So imagine its 1990 and the average desktop computer has a hard drive worth all of 40 MB and a cost per gigabyte of around $11,000. Fast forward to Y2K and we have consumers clamoring for a few hundred megabytes, with an average cost beginning the year around $20.00 and finding itself all the way below $10.00 by the years end.  Some pretty stunning information; in a single decade we were able to reduce the cost of a gigabyte by about 1/560th, and in the following  year halve that cost again. Now imagine its still 1990, or even 1995, when the cost was only $1,100 per gigabyte and someone comes to you and says, “Hey, in just a little more than 2 decades from now, you can buy all the space you’ll ever need!  So much in fact that the average consumer won’t even be able to fill all they buy” (legally that is).  Would you have believed that?  How about, “Best of all, they’ll be practically giving it away!”  And boy do they, has anyone been to a tradeshow lately?  I have more USB drives in my desk drawer than I know what to do with.

So back to reality, it’s 2013 and the average cost per gigabyte is $0.05, a whopping 1/224000th of the cost only 23 years earlier. The most amazing part is that the rates at which these costs have fallen, have maintained themselves over the entire 23 year period.  We’ve been able to continue to pioneer such cutting edge technological advances that we’ve kept cutting storage costs at almost the same rate for more than 30 years now.

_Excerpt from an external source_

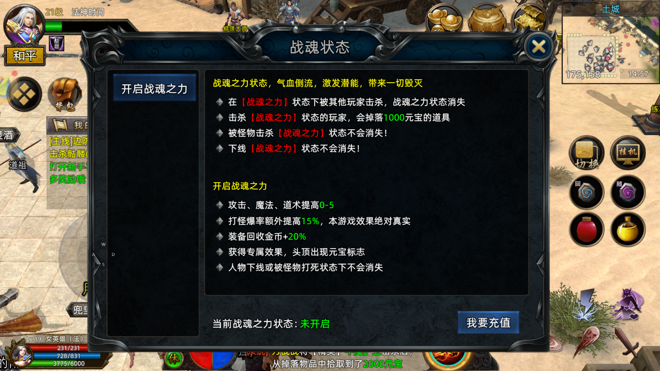 开启方式:玩家需要满足特定条件来开启战魂之力,从界面信息推测,可能需要进行一定的充值操作或完成特定任务(点击 “我要充值” 按钮或达成隐藏条件) 。

Ok great, entertaining story, but what’s the point you ask?  We’ll I’ll tell you.  We, and I mean mankind, have been witness to some pretty huge technology booms on this planet; a few of which have been so enormous in size that they’ve not only created, but changed and influenced our global economy and allowed us to write a future almost no one could’ve predicted was coming. Take for example the creation of the Personal Computer (PC); there certainly was a point where computers were so large, so expensive, and so difficult to operate, no one would’ve predicted that one day most homes in America would have one, let alone one in everyone’s hand.  Just the same, take the internet; what started as a few computers being able to communicate back and forth with each other bloomed into a limitless means for communication and information transaction globally.  Once idolizing the educated for their knowledge, the internet now has us idolizing farm-raised girls from Nebraska impressing doctoral scientists on primetime television with their broad knowledge of  anything science. Thank you Google (and yes that’s my shameful Big Bang Theory reference).  But back to the point, both were major booms, and both are directly responsible for changing the course of existence (not to get too sentimental about it). So what about all this data stuff?  In 2011, it was calculated that since 1986 we as humans have stored more than 295 billion gigabytes. What that really means is there’s a lot, and it’s only getting worse considering you can record a gigabyte of information for a mere Jefferson (that’d be a nickel). There’s another huge boom coming, and it’s coming in the form of a way to handle this massive tidal wave of information.  To store it, to access it, to digest it, and most importantly to make sense and learn something from it; and we want it all done easily, finished yesterday, and making our decisions for us!

It would appear technology has spoiled us, but maybe that’s just because we just keep setting the bar higher and higher and keep reaching it each time!